Later, coming back close to dark, the just-waxing moon, the early-night air, the quiet water smelling of lake and of life… Most people who’d been on the banks of the pond earlier, gone home, or gone to wherever it is that people go when they leave a pensive pond. But on the island, on our island, on the island where you and I claimed a spot as our own last week in the clearing in the sun, on the island where M had, earlier that day, spotted a deer that you’d then named Otto, on that island last night it was hard.
Your eyes had kept darting to and fro and to and fro, supposedly looking for Otto, but in a restless kind of anxious energy. The whole time we ate you didn’t look at me, at least not with anything that felt like the lingering soft gaze of seeing, really seeing something, and I found myself feeling more and more lonesome and far away.
It’s hard for me when you’re not present and I sense you far away and distract-y… In those moments, it’s hard for me to find presence for myself within myself. That’s my challenge. I tend to want to go chasing after your presence. To get you back. I get tight. What people call “controlling,” but what is, more accurately, “scared.” Then I tend to withdraw in a hurt way and get hard and closed off, not only toward you but also, inevitably, toward me. After all, we do onto ourselves what we do onto others.
We definitely do onto ourselves what we maybe do onto others.
When I close off and harden protectively toward you, I close off to myself.
I’m still feeling the sting about what you told me Sunday about your conversation with M a couple months ago.
You’d told me in response to my saying, “We should go camping this summer with M!” I’d been excited hearing about the deer, about the unexpected visit to our island (your second trip in a day!), the sunbathing turtles, the red-winged swath-of-joy blackbirds… I’d been hopeful: hopeful about our new place together, hopeful about family, hopeful about the sweet and good moments and exchanges I’d recently had —and, truth be told, been collecting like stones in my pocket (I now had a little handful of them)— with M… Moments that felt tender, like wee shoots barely just popping out of the ground. Delicate, yet full of possibility. A sense of possibility to which I couldn’t help but adding happy stories and soundtracks.
Rewind:
You: Want to go camping this summer?
She: Mm-hmm!
You: The two of us or the three of us?
She: The two of us.
On Sunday night you said to me, “That must have felt like a gut punch.”
Sort of.
You’d noticed right away.
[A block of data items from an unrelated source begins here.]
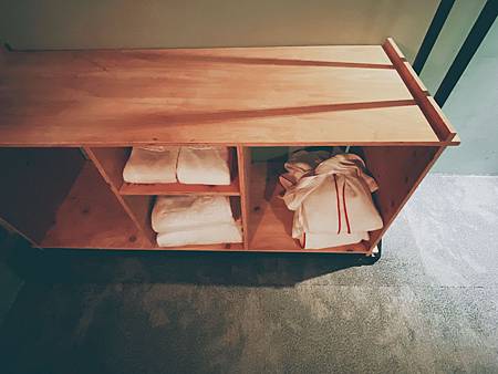 房間內也有掛衣區跟毛巾們~我還蠻喜歡這種開放式的掛衣空間!掛上自己的衣服後就會很有生活感,但是又整整齊齊的!有的房間會在牆上設計掛勾,但是我個人不喜歡我的衣服碰到牆壁,所以像這樣可以獨立吊掛的掛衣區讓我很滿意!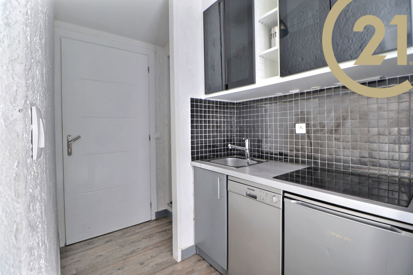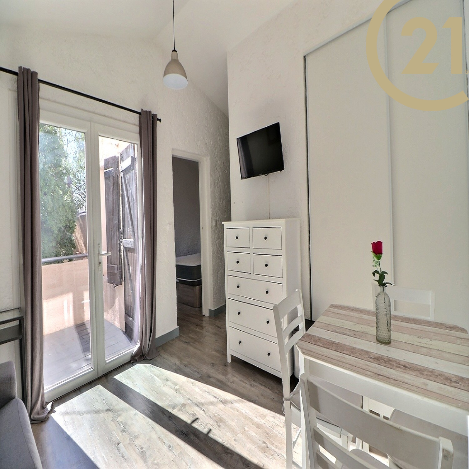 Ce bel appartement au 2 éme et dernier étage avec terrasse offre : un séjour donnant accès à une terrasse exposée sud/ouest, une kitchenette, une chambre, une salle d'eau et des WC.
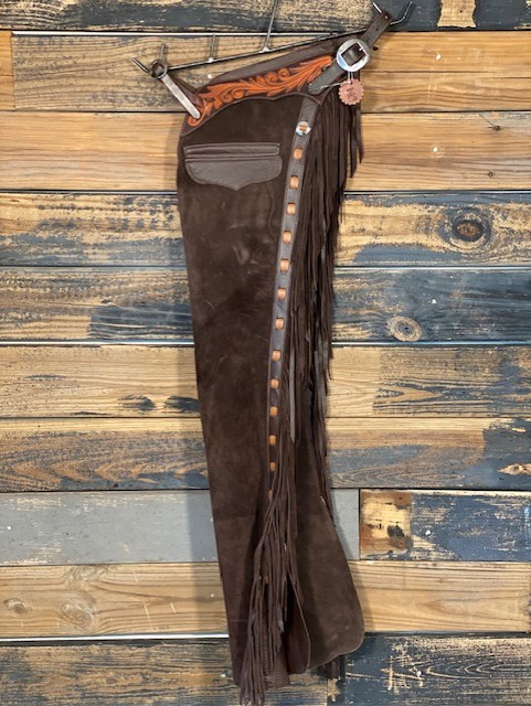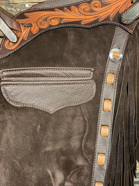 New Saddle House Shotgun Chaps. Size – Extra Small. Cafe Roughout. Pocket on the left.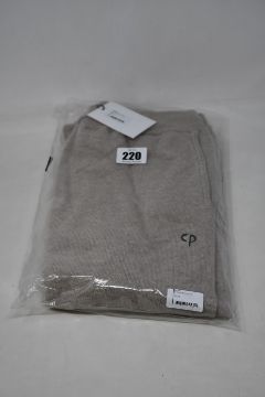 A pair of as new Chinti & Parker cashmere sweatpants in oatmeal with blue/cream ankle cuffs (M).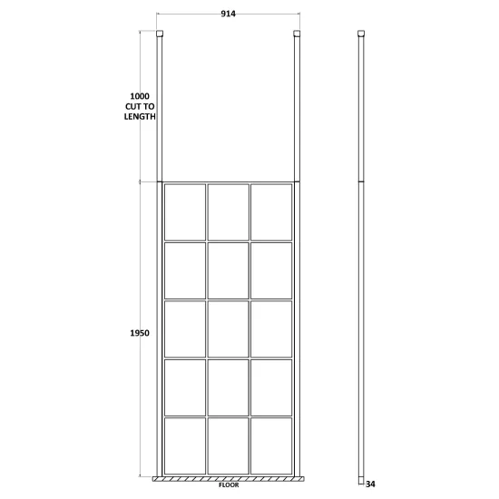 900x1950mm Frame Wetroom Screen with Ceiling Posts - Matt Black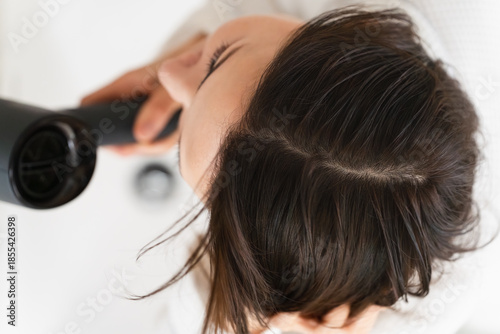© aijiro, Fototapeta premium ドライヤーで髪を乾かしている女性 ビューティイメージ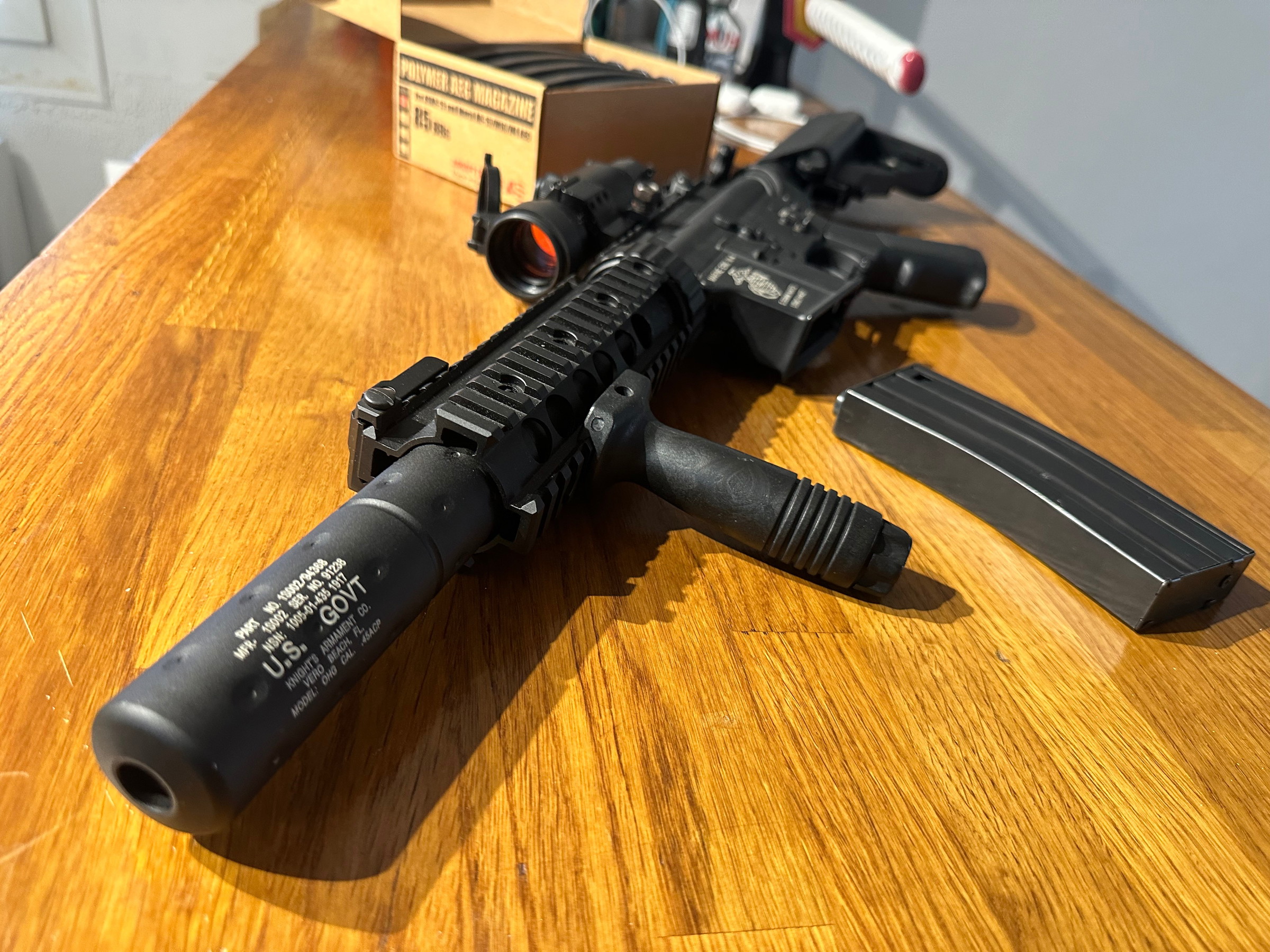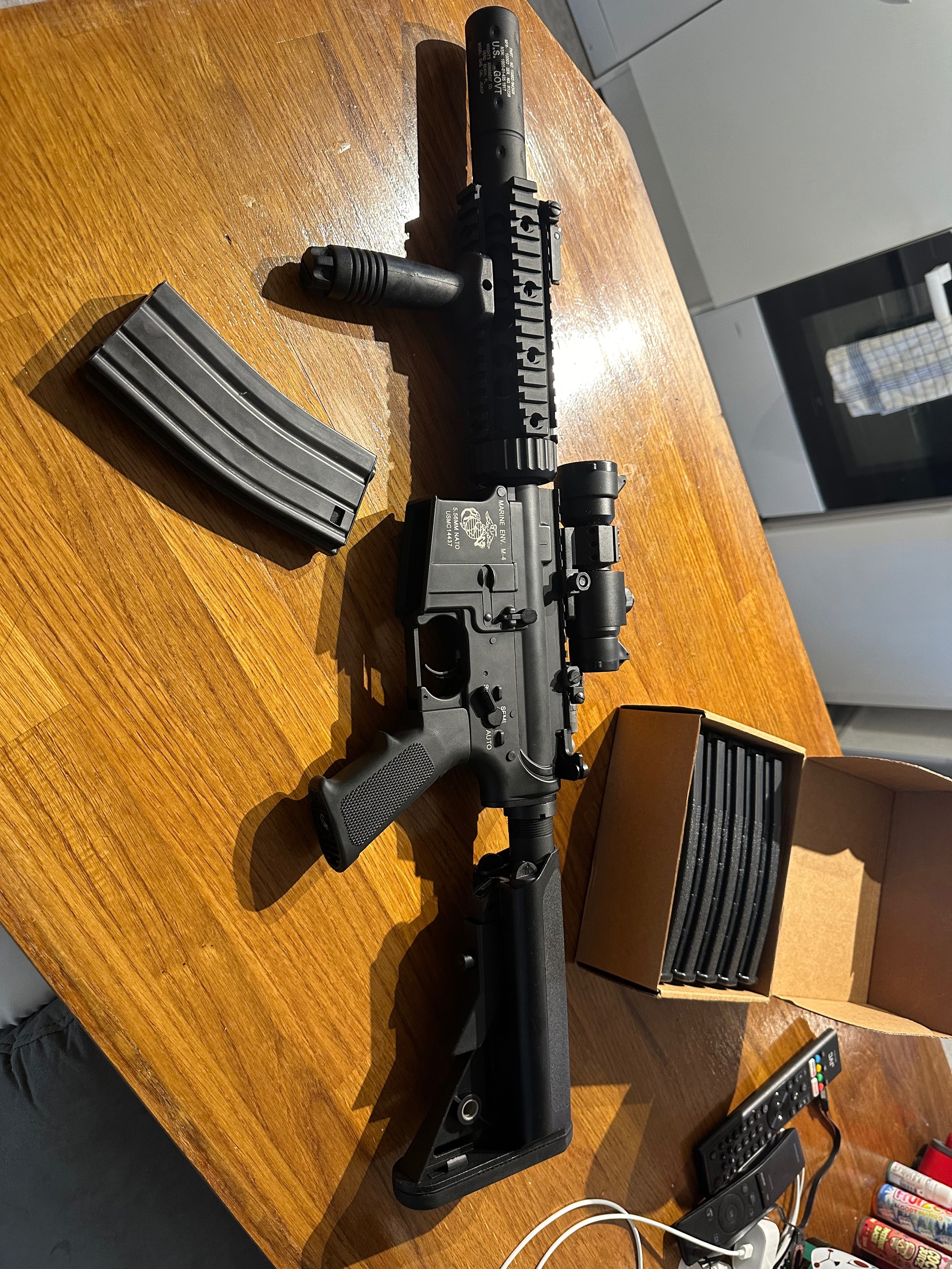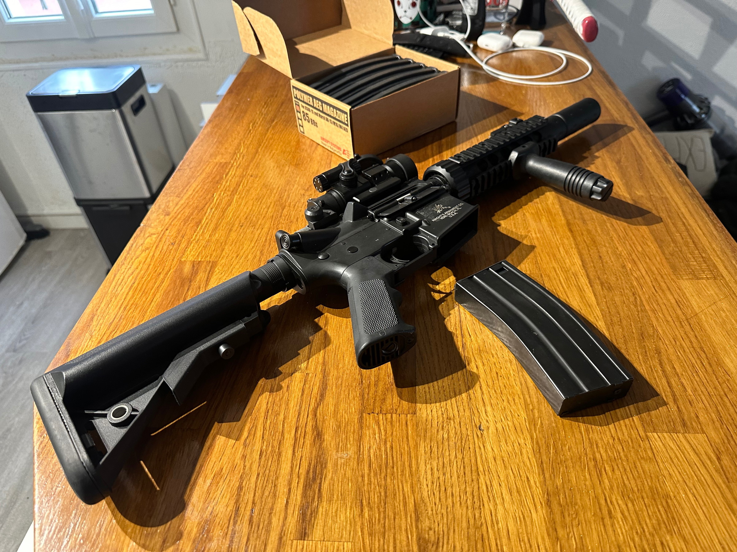 Je vends une réplique d’airsoft M4 édition Marine, marque G&P.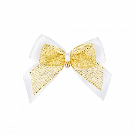 Симпатичный двойной бантик с бусинкой. Изготовлен из атласной ленты и металлизированной ткани. Подойдет для различных видов декора. И как отделочный элемент для одежды или сумок, ободка для волос, резинок, заколок, детской бижутерии. Также может быть использован в украшении букетов, венков, свадебных композиций, новогодних елок.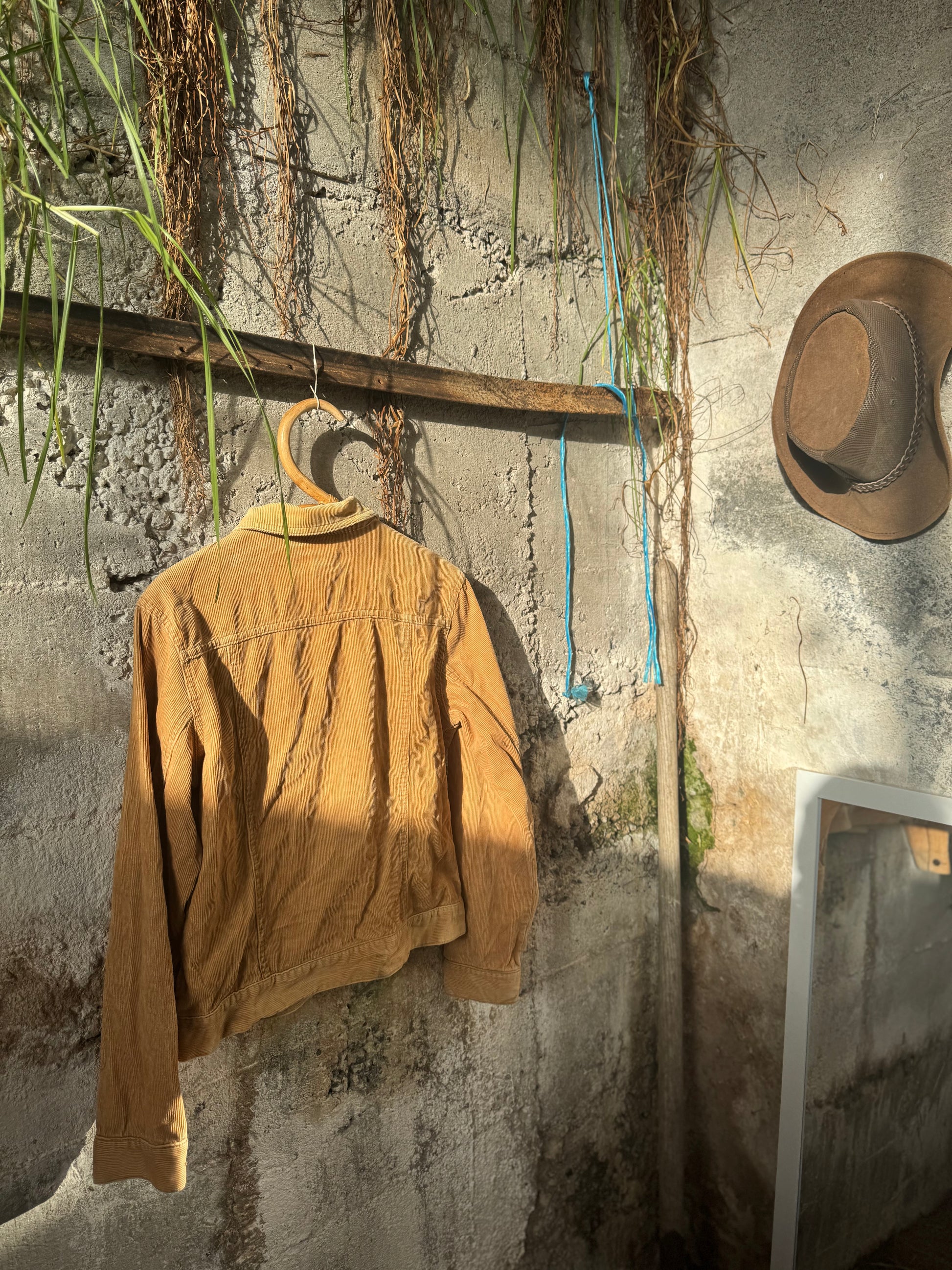 Light tan mustardy corduroy jacket. Perfect for winter paired with jeans or (cords if you like to double up). Also great in summer over a dress or a mini.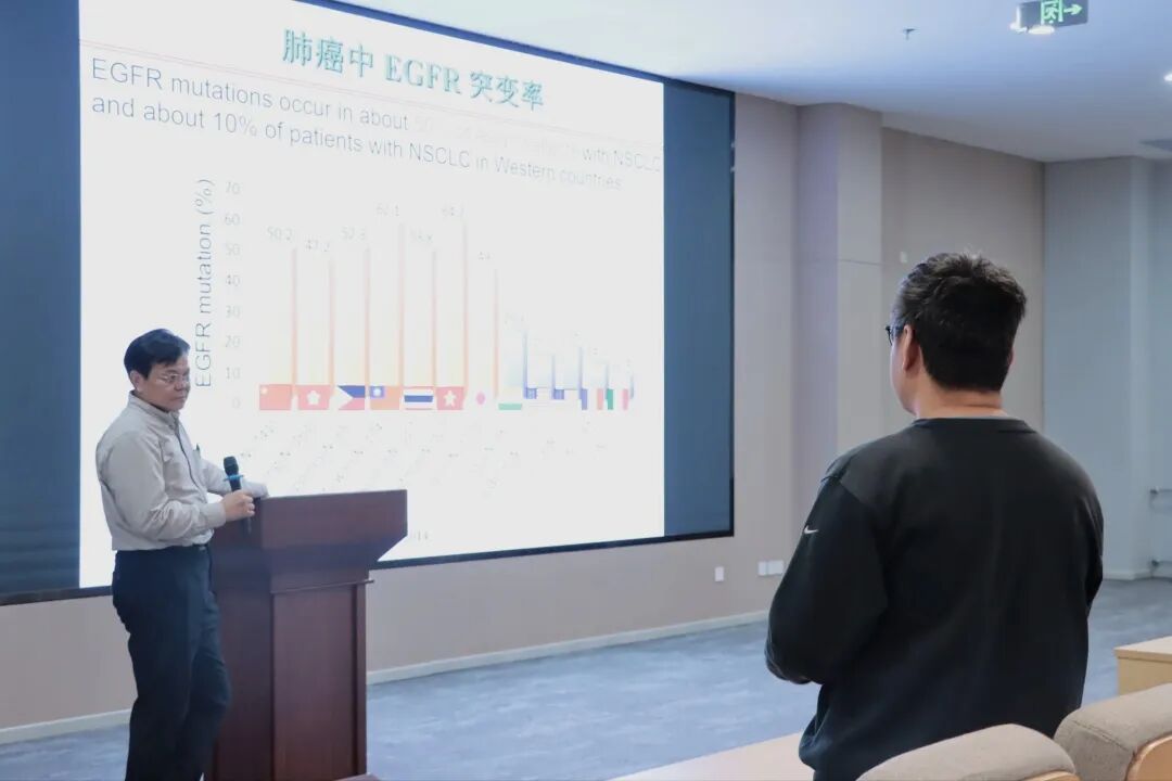 报告中,苏晓东教授围绕着“基于三原子分辨率结构的药物研发”这一主题进行分享。他结合自己的研究实例,从现代药物研发的基本原则切入,阐释了原子结构层面的分子相互作用力作为生物学机理底层了解的重要性。同时,他深入讲解了小分子、蛋白质、抗体以及基因治疗载体AVV的药物研发与改进过程,将前沿的科研思维与实际应用紧密相连,内容兼具学术研究与实践价值,让同学们了解到一线科研工作的具体内容,激发了同学们的学习动力。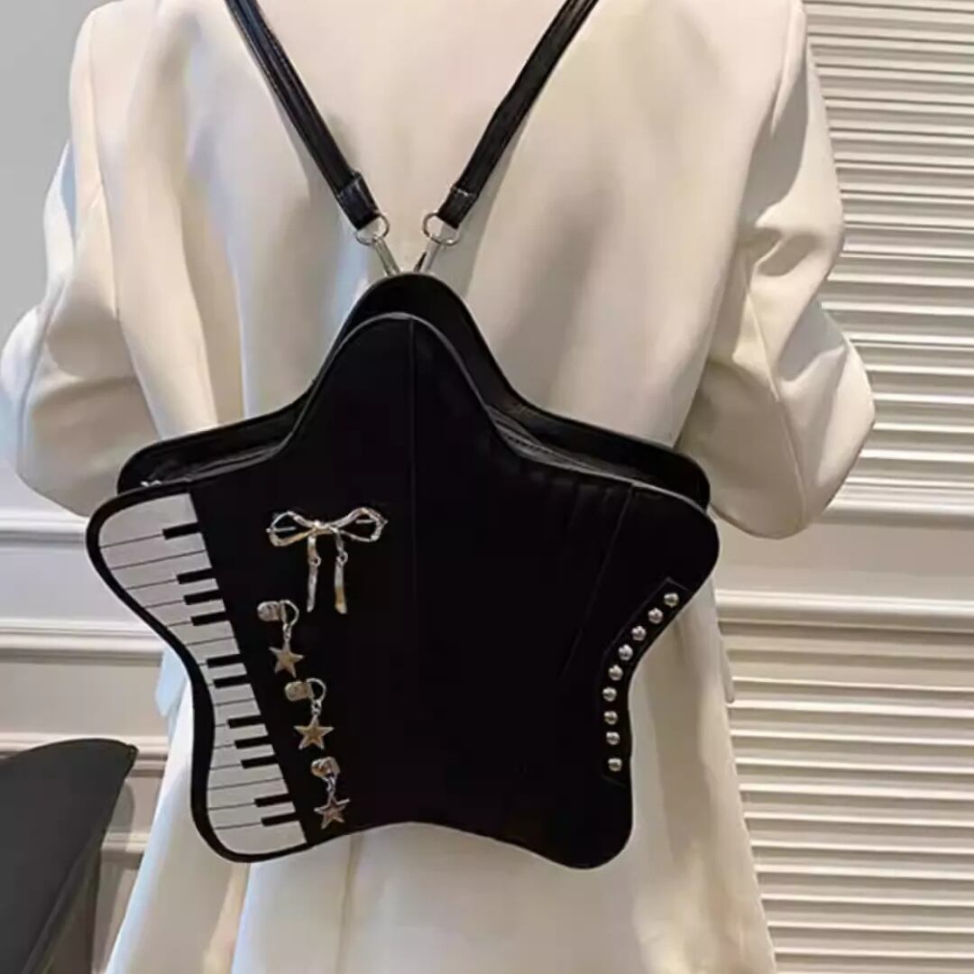 Piano Design Crossbody & Backpack with Star and Bow Details(CF042)

I tried not to show it, but I could feel my heart sink the moment you said it. Like a tiny bubble had just burst. Ow. And just like that I felt a shell draw over my heart and watched myself retreat into myself even while I tried not to… Then throughout the evening I went from being somewhat alright and enjoying the game and our show, to feeling the sting, to thinking I shouldn’t feel hurt, always putting on the brave-face pretending it wasn’t such a big deal, telling myself I should be past this already.
That night, a nightmare. A tall bus with a new-in-town couple (who is looking for an apartment) tips over and I scrape my face on the pavement. I wake up with a cry. You are asleep.
“Go ahead, the two of you. Go without me. I’m fine.” I rehearse in my head.
Then, “Nah, I don’t need you anyway,” still in my head.
And then, from that place, I take the bus to work. “I don’t need your car anyway,” I think, again in my head.
“I walked everywhere before I knew you.” I think some more.
And then, “Your car is at your place,” I text, no longer just in my head, wondering if my text sounds as hurt as this part of me feels. Hoping it doesn’t, and hoping it does.
And then, as minds tend to do, my mind starts scanning for evidence of rejection related to family, showing me pictures of how M had turned and pulled away when you’d suggested I have a look at her hand, her sensitive skin, the eczema. And how, again, she’d turned away and brushed her long hair, her mouth set in determination to do it alone, when you’d suggested that I might help with her pig tails.
I see how innocent your telling me what M said was. How, sure, the conversation could have been handled differently, like how maybe it’d have been better not to set it up in that either-or kind of way, and how, maybe, given what the last month or so has brought us, it’d have been better not to tell me what she’d said…
You’re learning and I’m learning and we’re all learning, but it all feels so big and hard, especially to the part of me so much wanting family, including brushing a girl’s hair and kissing away the bits that hurt…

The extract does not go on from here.